Untuk mengimbangi harga pasaran, dirinya selalu mengutamakan kualitas pada olahan kopinya hingga berbentuk roasted bean.

"Kopi yang sudah olahan harus petik merah semua, sehingga soal rasa tidak kalah dengan kopi lainnya," jelasnya.

Ridlo menjelaskan, melimpahnya panen kopi di tahun ini tidak lepas dari faktor cuaca. Menurutnya, musim kemarau basah yang terjadi membuat tanaman kopi tumbuh subur dan menghasilkan panen lebih bagus.

"Sekarang kan lagi kemarau basah, buat tanaman di lereng gunung seperti kopi, parijotho itu bagus," terangnya.

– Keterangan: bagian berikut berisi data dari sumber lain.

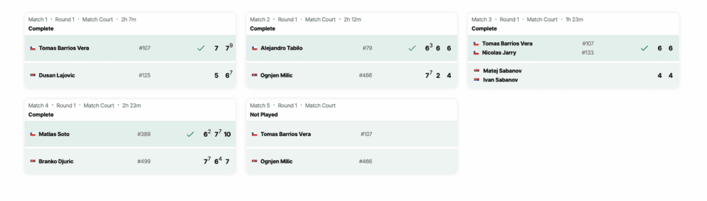 O Chile protagonizou uma das exibições mais convincentes da ronda, ao bater a Sérvia por 4-0, num duelo em que dominou claramente todos os encontros disputados, confirmando o bom momento do ténis chileno em competições por equipas.

Dalam sehari, dia mampu memanen kopi sekitar 30 sampai 50 kilogram per hari. Untuk kebutuhan produksi kopi miliknya, Ridlo juga memasok hasil panen dari petani lain di desanya.

Tahun lalu, pihaknya bisa mengolah hingga 5-7 ton kopi di rumah produksinya.

Dia berharap, panen kopi yang melimpah ini bisa diiringi dengan harga jual yang lebih mahal. Sehingga para pelaku UMKM kopi di Desa Colo dan sekitarnya semakin semangat dan menjaga kualitas kopinya.

"Untuk menjaga kebutuhan kopi pasca panen, jadi diproduksi dalam bentuk kemasan," pungkasnya.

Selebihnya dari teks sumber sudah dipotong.